碎屑扎進手心,疼痛令我更加清醒,也更加絕望。


 


洪水衝刷而下,一切都在搖晃。


 


我拼S貼在石頭上,恨不得與它融為一體。


 


冰冷,疼痛。


 


那是還活著的感覺。


 


第一波浪潮稍稍過去,周圍的大部分物體已經被淹沒,樹木也都半淹在水中。


 


這塊救了我命的石頭,像是一個孤島。


 


自從母親S後,我一直都是孤單一人。


 


遇到顧喻言,我以為自己會有一個家。


 


到頭來,生S危機時刻,能救我的,還是隻有我自己。


 


甚至這危機,都是他帶給我的。


 


這有些諷刺,也讓我釋然。


 


我這一生,也許本來就該是獨自一人,邁過一個個坎。


 


寄託在別人身上的港灣,終究是假象。


 


萬幸的是,雨越來越小。


 


洪水越來越平緩,水位開始下降。


 


有點冷,但好在是夏天,不至於失溫。


 


天色一點點變暗。


 


我用外衣擺出求救信號,精疲力盡地合上眼。


 


6


 


「喂,醒醒!」


 


睜開眼,是穿著橙色救生衣的救援人員!


 


「謝謝,謝謝你們。」


 


我有氣無力,卻一陣安心。


 


「你可真是命大,還好抓住了高處石頭。不過傷口可能感染,得去醫院處理。」


 


我被送往當地醫院。


 


到醫院後,護士幫我處理了傷口。


 


除了擦傷和劃傷,我的腳踝被撞了一下,好在沒有骨折。


 


我借別人的手機,給琳達請假,並且說明情況。


 


琳達聽說之後,立刻就來了醫院。


 


「你怎麼會獨自在山上,還遭遇了山洪?」


 


我沉默片刻。


 


「那個外派的名額,還在嗎?」


 


琳達意味深長看了我一眼,從包裡拿出申請書。


 


「填了吧。」


 


我填寫完申請書,交給琳達。


 


「你先好好養傷,傷好了再回公司交接工作。至於外派,八月二十四號到崗,機票公司報銷。」


 


琳達拍了拍我的肩膀。


 


八月二十四號。


 


很巧,是舉辦婚禮那天。


 


「好。」


 


我聲音平靜。


 


塵埃落定。


 


我望著窗外發呆。


 


「溫梨!你還活著!」


 


顧喻言雙眼通紅,面容憔悴地出現在病房門口。


 


他衝過來,緊緊地將我抱入懷裡。


 


「你知道我找了你多久嗎?!為什麼不給我打電話!我以為,我以為……」


 


他的聲音哽咽。


 


有淚水滴落在我頸間。


 


「我錯了,都是我的錯。我不該把你一個人丟在山上,我不知道會爆發山洪。」


 


「差一點,隻差那麼一點……」


 


他的發小陸陸續續進了病房。


 


「嫂子,你沒事就好。顧哥聽說山上爆發山洪,差點瘋了。」


 


「你可別生顧哥的氣,安頓好江露,他就回去找你了。
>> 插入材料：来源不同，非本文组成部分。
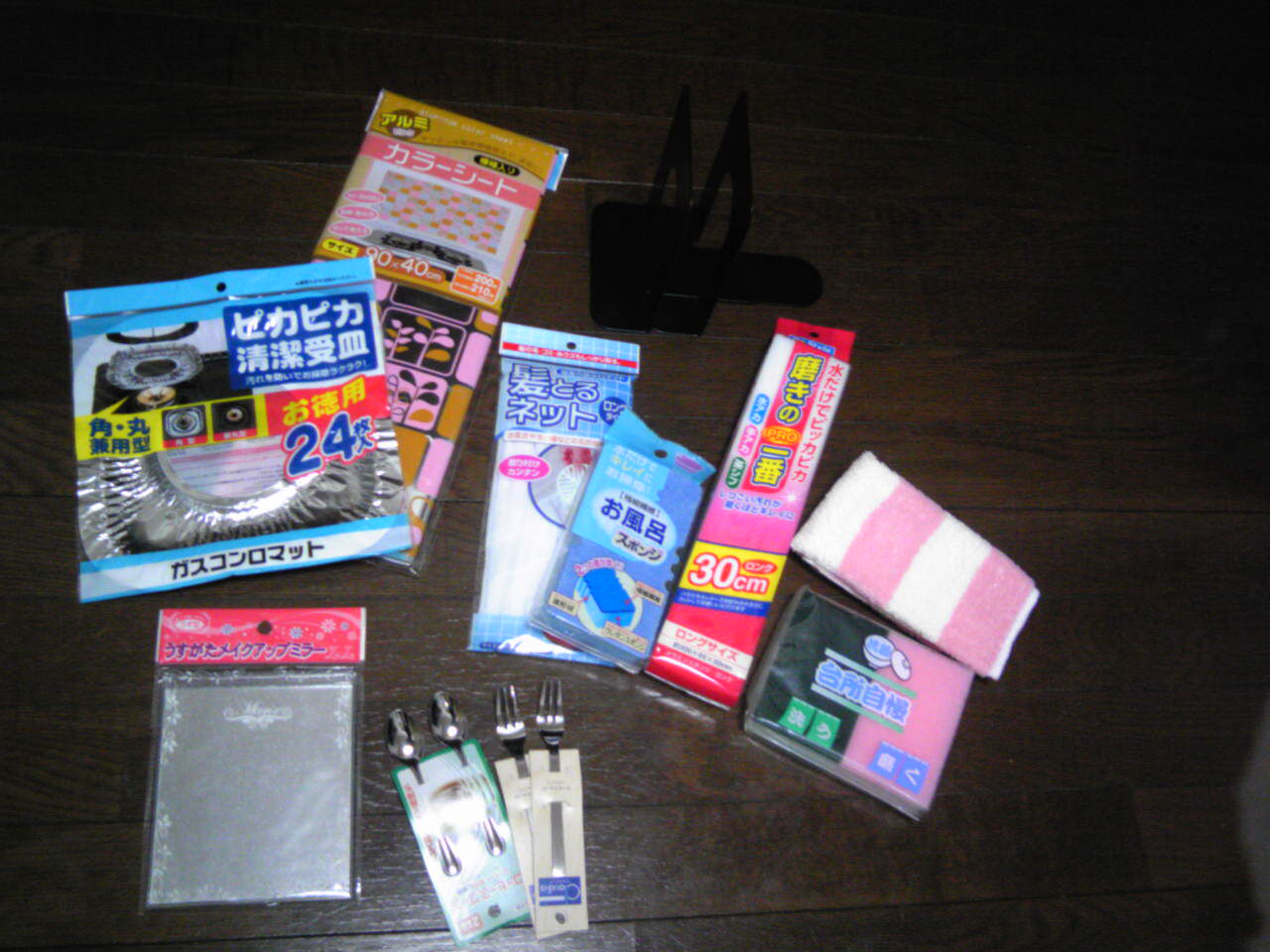 ☆18W 手に入らず…☆電気屋さんに行ったものの、18Wの蛍光灯が見つからず…ついつい近所の100円ショップに行ってこんなに買ってきましたーなんだか、掃除グッズが多いこの一週間のお掃除デイズでだいぶダメになっちゃったからねー来年からはこの子たちと一緒にマメにお掃除して行きまーすさて。実家に帰りますか。
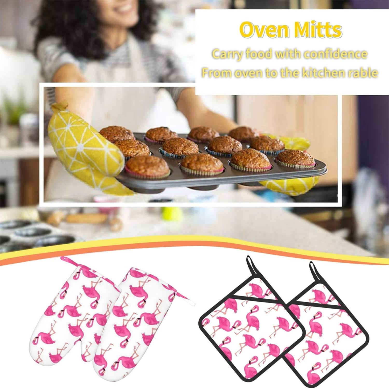 Upgrade your kitchen essentials with this oven mitts and pot holders set, designed for safe and comfortable handling of hot cookware. The set includes 2 heat-resistant oven mitts and 2 pot holders with pockets, making it a practical choice for daily cooking, baking, grilling, and microwave use.Crafted from high-quality polyester with thick insulated padding, these kitchen gloves deliver reliable heat protection up to 260°C. The soft quilted lining ensures comfort and flexibility, while the silicone palm design enhances grip and control when handling hot pots, pans, and trays.The non-slip silicone surface provides added stability, giving you confidence when moving hot cookware. Waterproof inner and outer layers make cleaning simple—just wipe clean or hand wash and air dry for easy care.Each piece features a convenient hanging loop for organized storage and quick access in your kitchen. Stylish and functional, this oven mitts set also makes a thoughtful gift for family and friends on holidays, housewarmings, and special occasions.
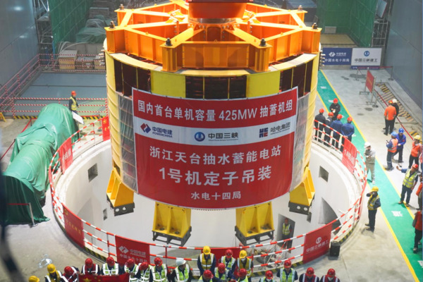 3月24日,浙江天臺抽水蓄能電站首臺(1號)機組定子順利吊裝成功、下水庫順利下閘蓄水,標志著這項重大新能源工程取得兩項突破性進展,由此邁入建設攻堅的關鍵階段。 電站首臺發電機定子機座高6.36米,最大直徑8.05米,鐵芯由15.2萬張0.5毫米厚的硅鋼片疊裝而成,整體起吊重量為465.5噸,主要由機座、鐵芯、繞組等部件組成,是機組進行機械能與電能轉換的核心部件。水電十四局安裝團隊自2024年10月16日開始機座組圓焊接,在地下廠房安裝間進行組裝、疊片、線棒下線、耐壓試驗等數十道安裝工序,所有裝配檢測和試驗驗證數據優良,一次性通過所有檢測,提前37天完成施工任務。本次吊裝采用2臺300噸橋機進行并車吊裝,吊裝前進行了細致檢查、交底、試吊等,過程中嚴格按照吊裝方案執行,切實履行崗位安全生產責任,確保了定子安全順利吊裝到位。 電站下水庫大壩采用混凝土面板堆石壩,大壩高71米,壩頂長度420米,壩頂寬度8米。總庫容1076萬立方米,正常蓄水位庫容936萬立方米、調節庫容718萬立方米。蓄水前,項目部組織人員對庫底建筑余料和腐殖層進行了深度清理。水庫首次蓄水主要依靠截流蓄積和始豐溪引水。為保障庫區水質,后期主要利用“自然補給+循環利用+智慧調控”的形式。既依托天臺山的自然降水優勢,又通過尖端的工程技術實現水資源零浪費。未來,隨著電站全面投運,這套“水、能共舞”系統將成為長三角水資源集約利用的標桿。 該項目總投資107.4億元,額定水頭724米,為全球在建水頭最高,總裝機容量170萬千瓦,其中單機容量全國最大,預計2026年9月全部機組投產發電后,年發電量可達17億千瓦時,每年可節省浙江電網電力系統的燃煤消耗量約52萬噸,減少二氧化碳排放約104萬噸。電站建成后,將承擔浙江電網并兼顧華東電網的調峰、填谷、調頻、調相、儲能及緊急事故備用等任務,對于優化電源結構、提高電網安全穩定運行能力、實現“雙碳”目標具有重要意義。 |
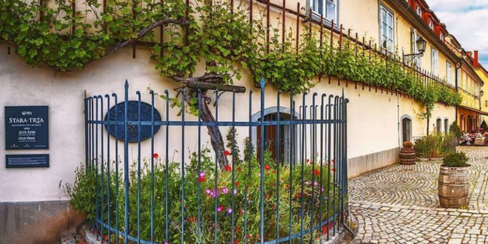 Dann geht's weiter mit einem Spaziergang durch die Altstadt von Maribor, wo wir auch das berühmte Haus der ältesten Rebe besuchen – hier wächst die älteste Weinrebe der Welt.
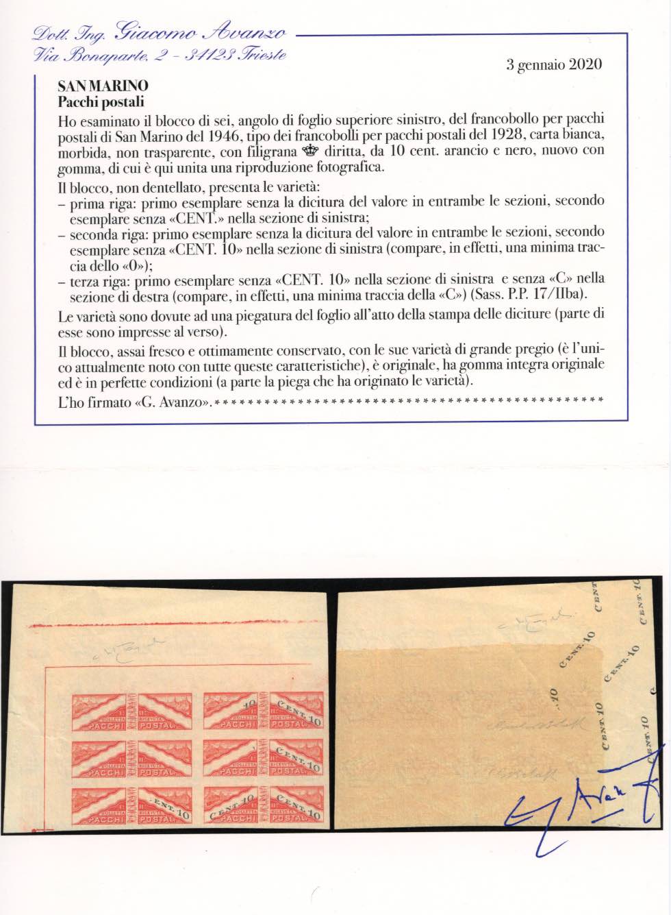 1946 - 10 cent., carta bianca, filigrana corona dritta, blocco di sei esemplari, due esemplari completamente senza la stampa del valore, tre esemplari con la stampa parziale, la parte mancante è impressa al verso (17/IIba), angolo di foglio, gomma originale integra, perfetto. INSIEME UNICO! G.Bolaffi, cert. Avanzo e Oro Raybaudi.
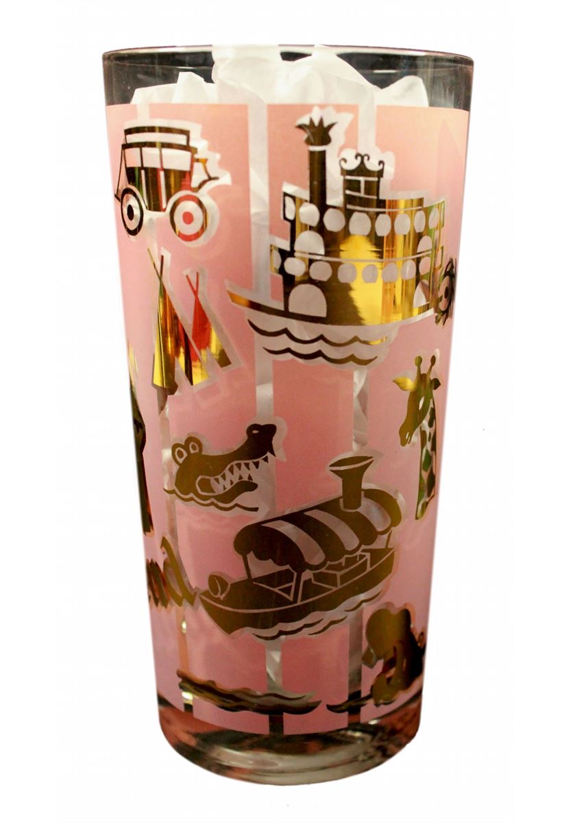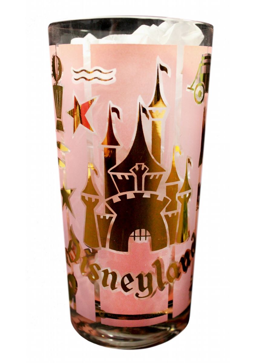A beautiful drinking glass from Disneyland featuring iconic imagery from the different lands at the park. This piece is exceptionally rare and made of glass. In great condition, with no chips in the glass, but some wear to small aspects of the color. Measures 5.5" high and 2.75" in diameter.
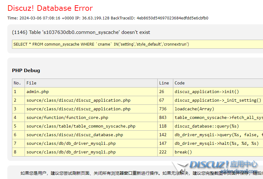 看下pre_common_syscache緩存表是否存在,沒有就創(chuàng)建 |
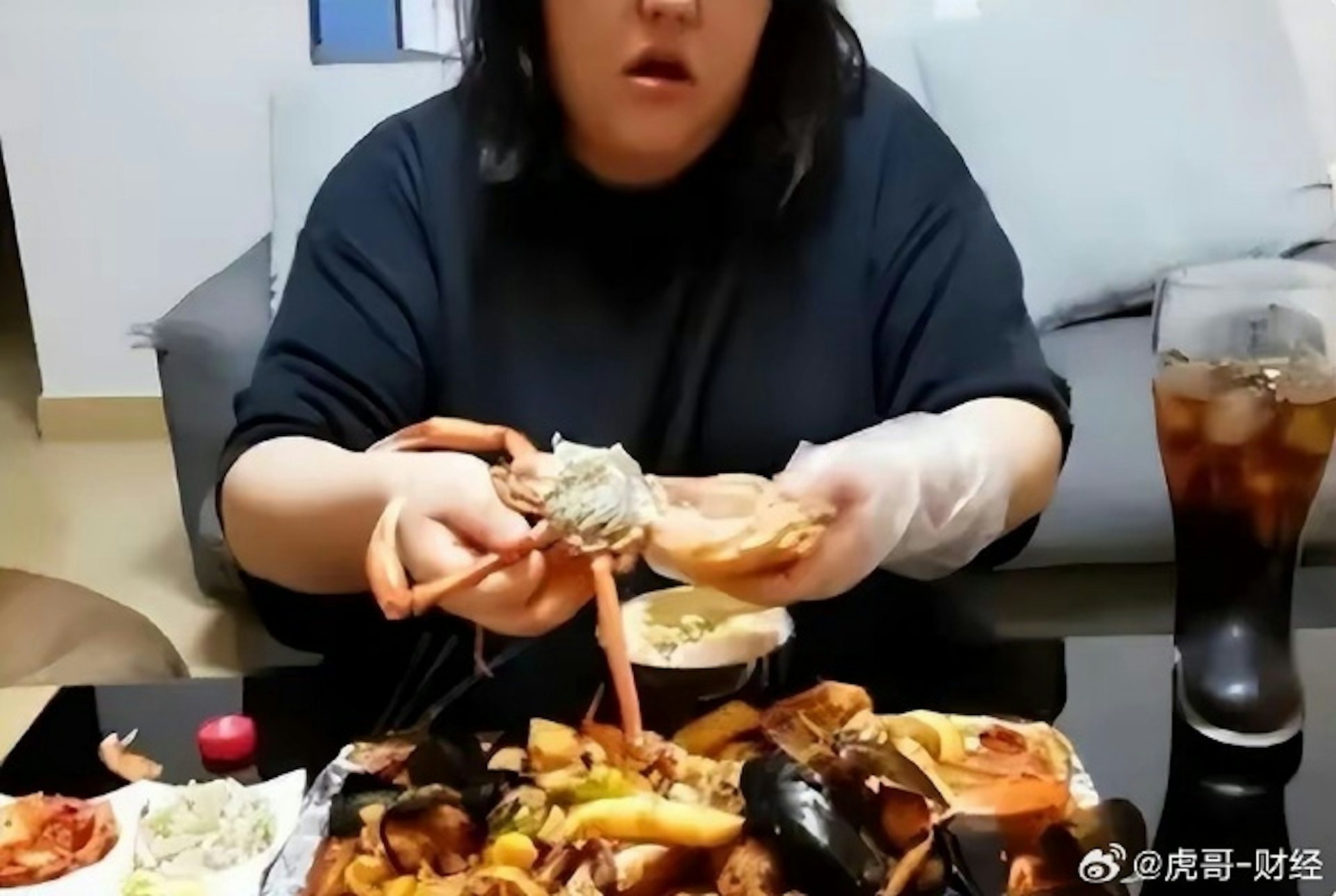 7 g- p! z, M" _! V- r% Y. [5 v( U潘曉婷原本是一名普通的服務員,在看到同學劉琪通過吃播賺取了不菲收入後,她決定投身吃播。(微博截圖)

誰知道,遇上了山洪……」


 


我以為我會委屈,或者感動。


 


但奇怪的是,整個人仿佛抽離在世界之外。


 


「是你丟下我的,你哭什麼?」


 


我抹去顧喻言臉上的淚。


 


他抬起頭,眼角發紅,眉眼依舊英俊。


 


「你知道我有多後悔嗎?就算你做得再過分,我也不該……」


 


我打斷他的懺悔。


 


「我們分手吧,喻言。」


 


顧喻言全身一僵。


 


「我知道,你肯定是被嚇到了。都怪我,都怪我。」


 


他拉起我的手打他的臉。


 


「你打我,打我好不好。不要提那個詞。我們說好要過一輩子。」


 


我看著他疲憊的眼,慌亂的表情,心中刺痛。


 


他愛我,我還愛他嗎?


 


不。


 


心痛,不過是愛的假象。


 


不舍,不過是戒斷反應罷了。


 


「好。」


 


我說道,用盡全力,狠狠回了他兩個耳光。


 


他在我的生命佔據了太重分量。


 


我需要的,是一場漫長痛苦的告別。


 


7


 


傷好後,我修好了手機。


 


我和顧喻言的關系,似乎也回到了從前。


 


剛開始,他盡量避免在我面前提江露,我們沒再提過山上發生的事。


 


但我總能在日常生活中捕捉到蛛絲馬跡。


 


比如,他和發小聚會,發小的朋友圈動態中永不缺席的江露。


 


比如,偶爾發過來的匿名挑釁信息。


 


比如,深夜的電話,他身上突然多出的護身符。


 


他似乎在乎我的感受,瞞著我,但我們都心知肚明。


 


我默許著江露的那些小心思,幾乎將所有的精力都投入了工作。


 


婚期將近,交接工作也到了白熱化階段。


 


一天,顧喻言醉醺醺地回來,靠在江露身上。


 


她挑釁一笑,耀武揚威。


 


「溫小姐,照顧好我們家喻言啊。」


 


「老婆,寶貝。」


 


顧喻言看到我,踉跄著撲過來。


 


我扶住他,直接關上了門。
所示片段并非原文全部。